**EXERCISE DETAILS:**
The answer must be a word-for-word copy of the records below, with every picture left out.
[[ DATA FOR ANALYSIS, beginning ]]
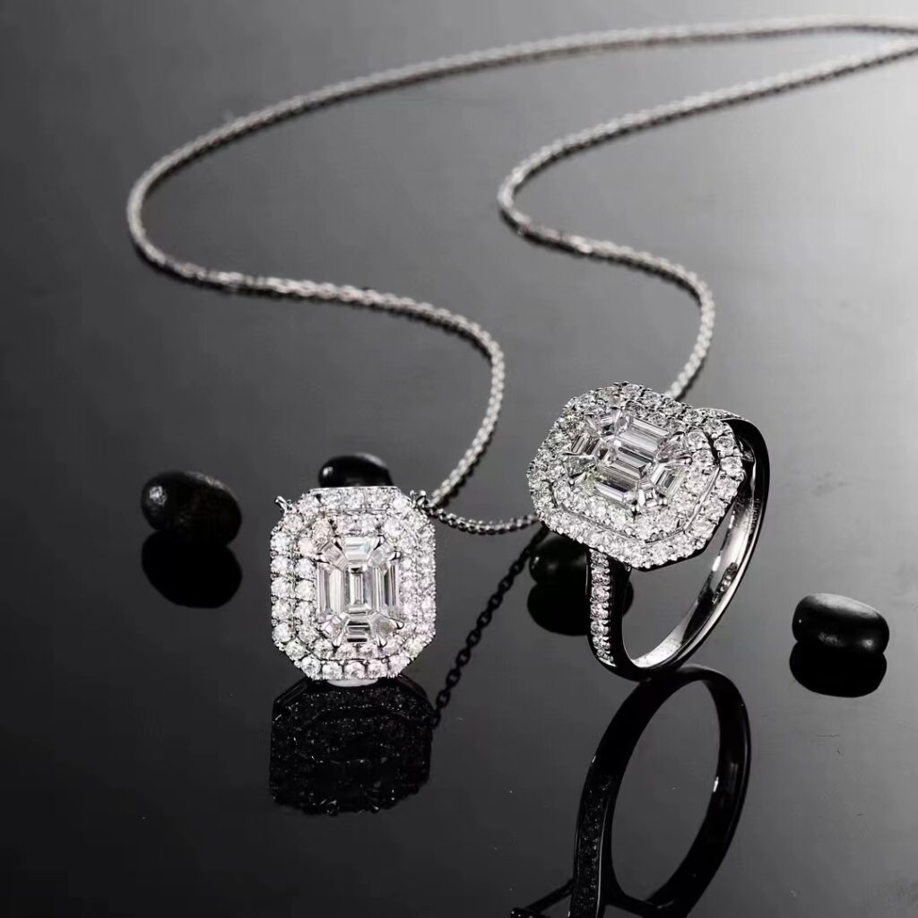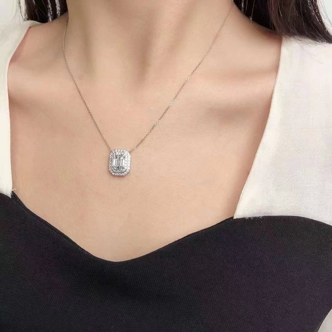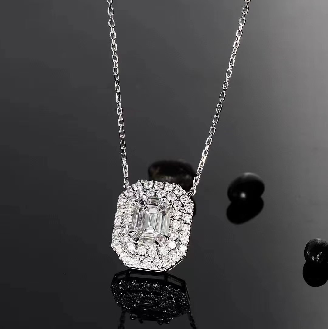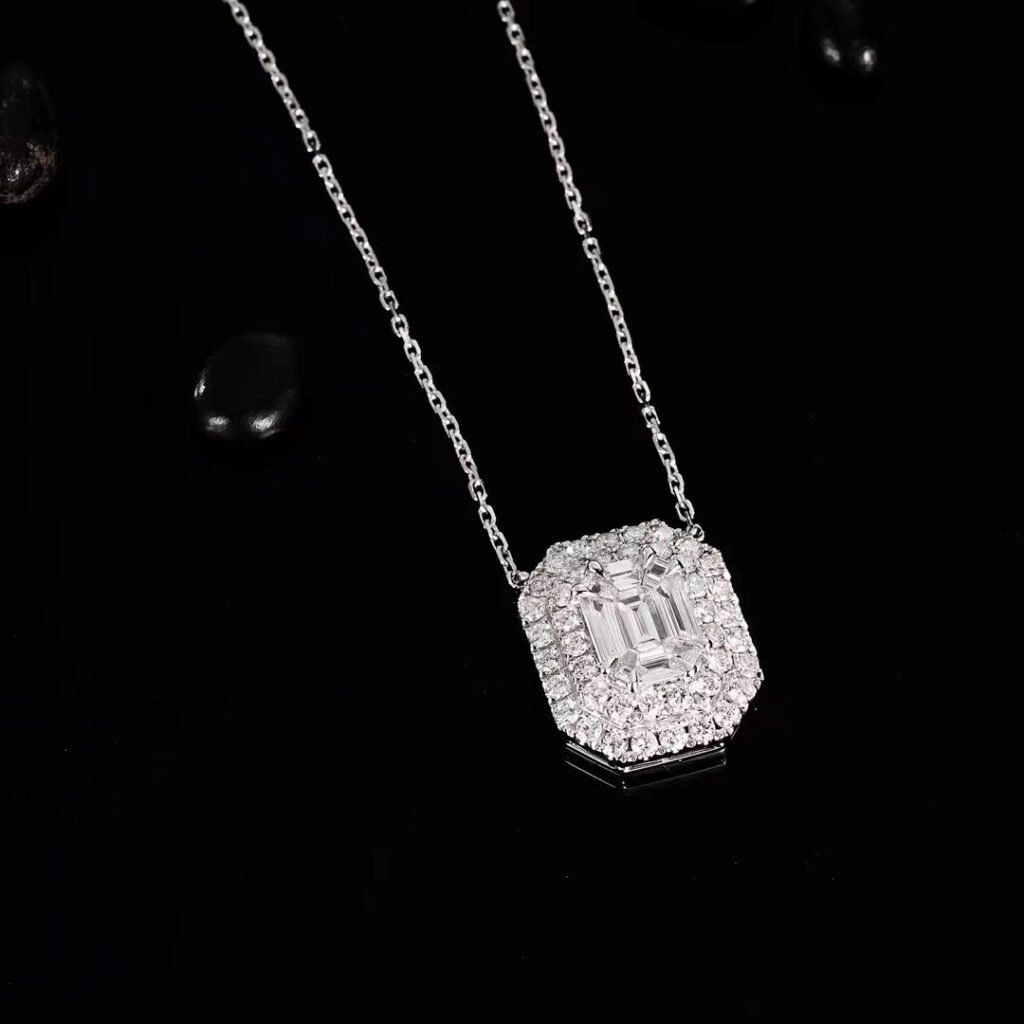 SGARIT Fine Jewelry Factory Real 18k White Gold 0.820 Carats Emerald Cut Jewellery Romantic Natural Diamond Double Pendant
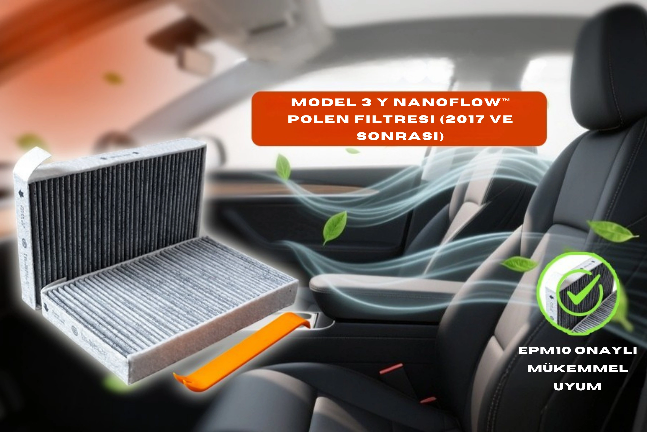 Tesla Model 3 ve Model Y araçlarınız için özel olarak geliştirdiğimiz Tesla Model 3 Y ePM10 Polen Filtresi, ePM10 sertifikalı NanoFlow™ teknolojisiyle kabin hava kalitesini en üst seviyeye taşır. Üstelik yüksek performanslı bu filtrasyon sistemi; polen, yol tozu ve zararlı mikro partikülleri süzerek sürücü ve yolculara ferah bir ortam sağlar.
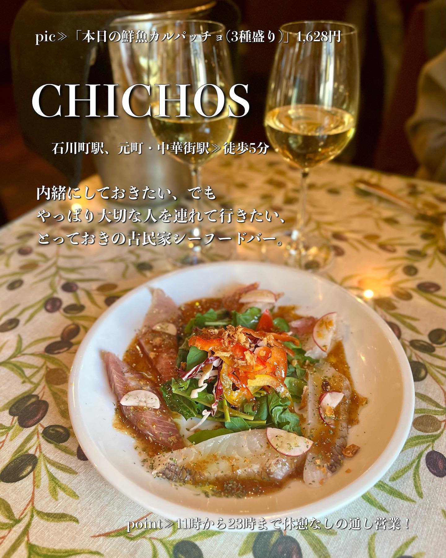 石川町駅近くの真っ白な一軒家を改装した、海鮮を中心としたバー&レストランCHICHOS。通し営業でランチからディナーまで休憩なし、ペット同伴もOK。和と洋が調和する落ち着いた雰囲気が魅力です。
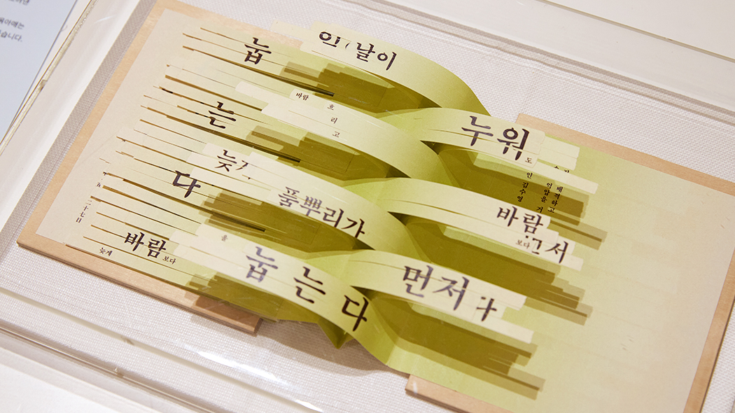 판교점의 시그니처인 현대어린이책미술관MOKA에서도 두 개의 전시가 진행 중입니다. 우선 MOKA 전시실 1·2에서는 <MOKA 북아트 컬렉션>이 열리고 있어요. 이곳엔 기존의 통념을 깨고 다양한 감각으로 재해석된 ‘책’들이 가득합니다. 건축물에 가까운 형태부터 퍼포먼스, 비누 속에 갇힌 이야기 등 50여 점의 작품을 보고 듣고 만지다 보면 여기저기서 예상치 못한 인사이트가 솟아나요. 아이들을 위한 체험 활동이 준비되어 있지만 성인 관람객에게도 충분히 흥미로운 전시입니다.
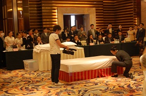 2013年4月27日, 2013年成都市旅游饭店服务技能大赛金牛区选拔赛在润邦国际酒店正式落下帷幕。此次比赛由金牛区文化旅游和体育局牵头,润邦国际酒店赞助,国家级旅游星级饭店评定检查员、四川盛嘉饭店管理有限公司董事长鲍小伟担任本次比赛评委。本次比赛分中、西餐宴会摆台、中式铺床、鸡尾酒调制4个项目。经过激烈比赛,共有12人获得参加成都市旅游饭店服务技能大赛资格,参赛选手通过仪容仪表展示、现场操作等方式向评委展示了自己的技能。 各参赛酒店也希望以此为契机,进一步提升优质服务、加强员工的服务意识、服务形象和基础服务水平。在大赛的点评上,评委鲍小伟老师表示:员工服务技能比赛,展现了酒店优质的服务和员工的专业技能、团队精神,并对本次比赛的项目做了细致的点评与指导,相信对此次比赛的选手有很大帮助和提高。
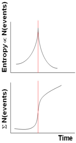 More generally, if we replace the increasing temperature with the system entropy, then the system reaches its critical point (vertical red line in Figure 1) at the largest entropy and approaches it with an accelerating power law in its cumulative of punctuated events (we intend here for an “event” as an anomalous behavior of the system evolution, e.g., when its signal level is larger than a certain number of standard deviation, σ, e.g., 2.5 σ).
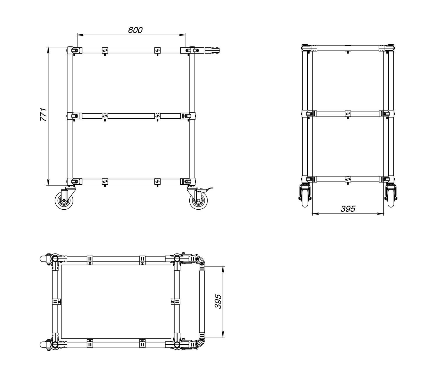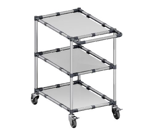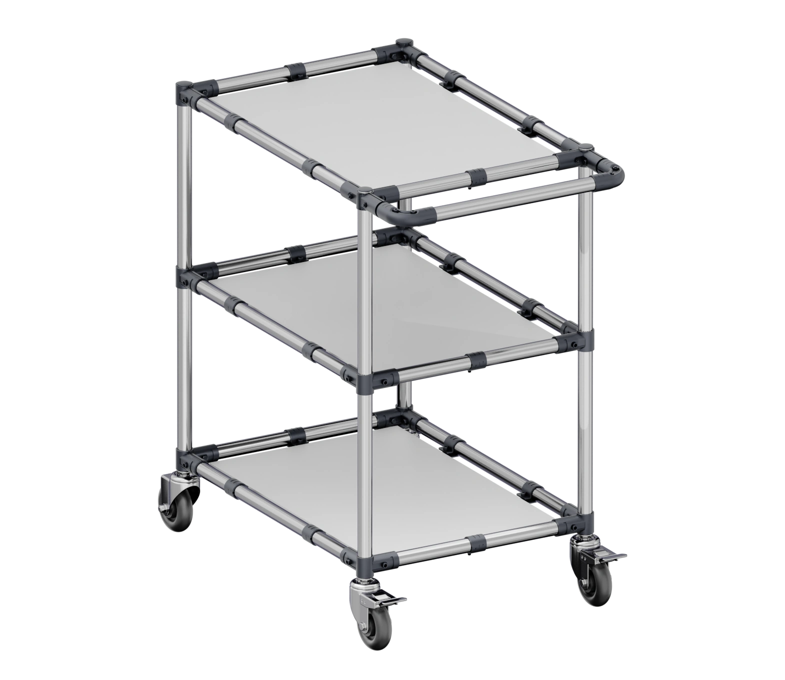 Мобильная тележка с трехполочной конструкцией грузоподъемностью 100 кг для внутрипроизводственной логистики. Каркас из алюминиевой трубы с соединительными кронштейнами обеспечивает устойчивость при транспортировке деталей и инструмента. Оснащена четырьмя колесами, включая два с тормозной системой, для маневренного перемещения и фиксации. Эргономичная ручка обеспечивает комфортное управление.
[[ DATA FOR ANALYSIS, end ]]
**EXPECTED ANSWER:**
 SGARIT Fine Jewelry Factory Real 18k White Gold 0.820 Carats Emerald Cut Jewellery Romantic Natural Diamond Double Pendant
 Tesla Model 3 ve Model Y araçlarınız için özel olarak geliştirdiğimiz Tesla Model 3 Y ePM10 Polen Filtresi, ePM10 sertifikalı NanoFlow™ teknolojisiyle kabin hava kalitesini en üst seviyeye taşır. Üstelik yüksek performanslı bu filtrasyon sistemi; polen, yol tozu ve zararlı mikro partikülleri süzerek sürücü ve yolculara ferah bir ortam sağlar.
 石川町駅近くの真っ白な一軒家を改装した、海鮮を中心としたバー&レストランCHICHOS。通し営業でランチからディナーまで休憩なし、ペット同伴もOK。和と洋が調和する落ち着いた雰囲気が魅力です。
 판교점의 시그니처인 현대어린이책미술관MOKA에서도 두 개의 전시가 진행 중입니다. 우선 MOKA 전시실 1·2에서는 <MOKA 북아트 컬렉션>이 열리고 있어요. 이곳엔 기존의 통념을 깨고 다양한 감각으로 재해석된 ‘책’들이 가득합니다. 건축물에 가까운 형태부터 퍼포먼스, 비누 속에 갇힌 이야기 등 50여 점의 작품을 보고 듣고 만지다 보면 여기저기서 예상치 못한 인사이트가 솟아나요. 아이들을 위한 체험 활동이 준비되어 있지만 성인 관람객에게도 충분히 흥미로운 전시입니다.
 2013年4月27日, 2013年成都市旅游饭店服务技能大赛金牛区选拔赛在润邦国际酒店正式落下帷幕。此次比赛由金牛区文化旅游和体育局牵头,润邦国际酒店赞助,国家级旅游星级饭店评定检查员、四川盛嘉饭店管理有限公司董事长鲍小伟担任本次比赛评委。本次比赛分中、西餐宴会摆台、中式铺床、鸡尾酒调制4个项目。经过激烈比赛,共有12人获得参加成都市旅游饭店服务技能大赛资格,参赛选手通过仪容仪表展示、现场操作等方式向评委展示了自己的技能。 各参赛酒店也希望以此为契机,进一步提升优质服务、加强员工的服务意识、服务形象和基础服务水平。在大赛的点评上,评委鲍小伟老师表示:员工服务技能比赛,展现了酒店优质的服务和员工的专业技能、团队精神,并对本次比赛的项目做了细致的点评与指导,相信对此次比赛的选手有很大帮助和提高。
 More generally, if we replace the increasing temperature with the system entropy, then the system reaches its critical point (vertical red line in Figure 1) at the largest entropy and approaches it with an accelerating power law in its cumulative of punctuated events (we intend here for an “event” as an anomalous behavior of the system evolution, e.g., when its signal level is larger than a certain number of standard deviation, σ, e.g., 2.5 σ).
 Мобильная тележка с трехполочной конструкцией грузоподъемностью 100 кг для внутрипроизводственной логистики. Каркас из алюминиевой трубы с соединительными кронштейнами обеспечивает устойчивость при транспортировке деталей и инструмента. Оснащена четырьмя колесами, включая два с тормозной системой, для маневренного перемещения и фиксации. Эргономичная ручка обеспечивает комфортное управление.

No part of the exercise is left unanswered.